What you will do:
Word for word, restate the lines of the data below between those holding "Прихожая Тео поможет" and "vedúci zoológ Patrik", inclusive; pictures do not belong in the copy.

Data listing:
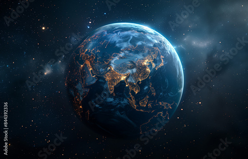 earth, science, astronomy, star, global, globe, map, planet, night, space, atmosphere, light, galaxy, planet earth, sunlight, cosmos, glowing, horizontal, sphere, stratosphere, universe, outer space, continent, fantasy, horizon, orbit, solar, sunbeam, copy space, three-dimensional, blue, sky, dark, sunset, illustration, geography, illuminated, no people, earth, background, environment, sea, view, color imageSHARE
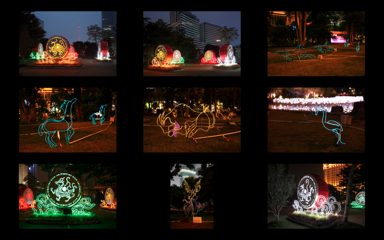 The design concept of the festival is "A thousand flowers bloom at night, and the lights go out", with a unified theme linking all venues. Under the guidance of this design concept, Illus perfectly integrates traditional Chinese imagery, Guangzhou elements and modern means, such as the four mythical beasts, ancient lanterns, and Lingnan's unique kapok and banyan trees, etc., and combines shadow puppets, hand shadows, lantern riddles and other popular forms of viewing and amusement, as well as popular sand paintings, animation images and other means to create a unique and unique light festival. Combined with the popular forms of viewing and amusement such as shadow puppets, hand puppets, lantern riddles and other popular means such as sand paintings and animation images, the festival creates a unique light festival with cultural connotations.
...
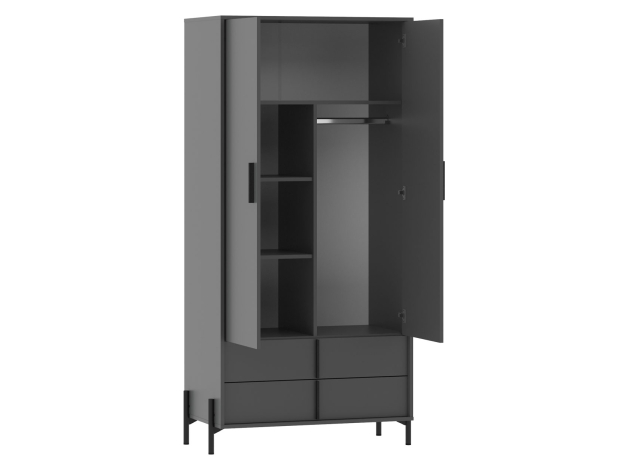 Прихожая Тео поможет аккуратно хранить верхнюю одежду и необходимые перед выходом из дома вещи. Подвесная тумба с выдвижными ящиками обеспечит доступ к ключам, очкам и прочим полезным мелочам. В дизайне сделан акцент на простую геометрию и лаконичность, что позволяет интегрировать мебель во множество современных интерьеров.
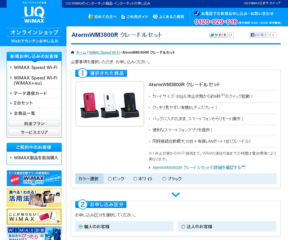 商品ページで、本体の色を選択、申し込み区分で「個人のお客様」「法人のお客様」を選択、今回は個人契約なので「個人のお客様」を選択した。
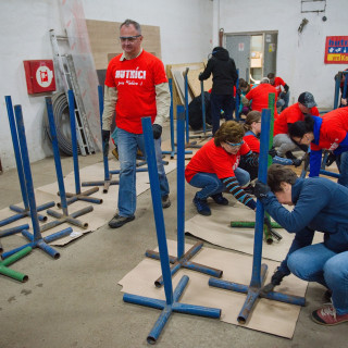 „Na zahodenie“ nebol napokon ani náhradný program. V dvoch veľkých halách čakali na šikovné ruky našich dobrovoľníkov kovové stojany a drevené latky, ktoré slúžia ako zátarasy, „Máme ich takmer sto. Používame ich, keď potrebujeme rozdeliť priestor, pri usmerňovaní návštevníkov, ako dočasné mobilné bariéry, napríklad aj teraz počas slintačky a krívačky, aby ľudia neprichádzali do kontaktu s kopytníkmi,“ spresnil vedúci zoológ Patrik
* * *
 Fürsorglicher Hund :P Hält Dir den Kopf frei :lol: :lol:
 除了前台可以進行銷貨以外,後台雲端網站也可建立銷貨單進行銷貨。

Response area:
 Прихожая Тео поможет аккуратно хранить верхнюю одежду и необходимые перед выходом из дома вещи. Подвесная тумба с выдвижными ящиками обеспечит доступ к ключам, очкам и прочим полезным мелочам. В дизайне сделан акцент на простую геометрию и лаконичность, что позволяет интегрировать мебель во множество современных интерьеров.
 商品ページで、本体の色を選択、申し込み区分で「個人のお客様」「法人のお客様」を選択、今回は個人契約なので「個人のお客様」を選択した。
 „Na zahodenie“ nebol napokon ani náhradný program. V dvoch veľkých halách čakali na šikovné ruky našich dobrovoľníkov kovové stojany a drevené latky, ktoré slúžia ako zátarasy, „Máme ich takmer sto. Používame ich, keď potrebujeme rozdeliť priestor, pri usmerňovaní návštevníkov, ako dočasné mobilné bariéry, napríklad aj teraz počas slintačky a krívačky, aby ľudia neprichádzali do kontaktu s kopytníkmi,“ spresnil vedúci zoológ Patrik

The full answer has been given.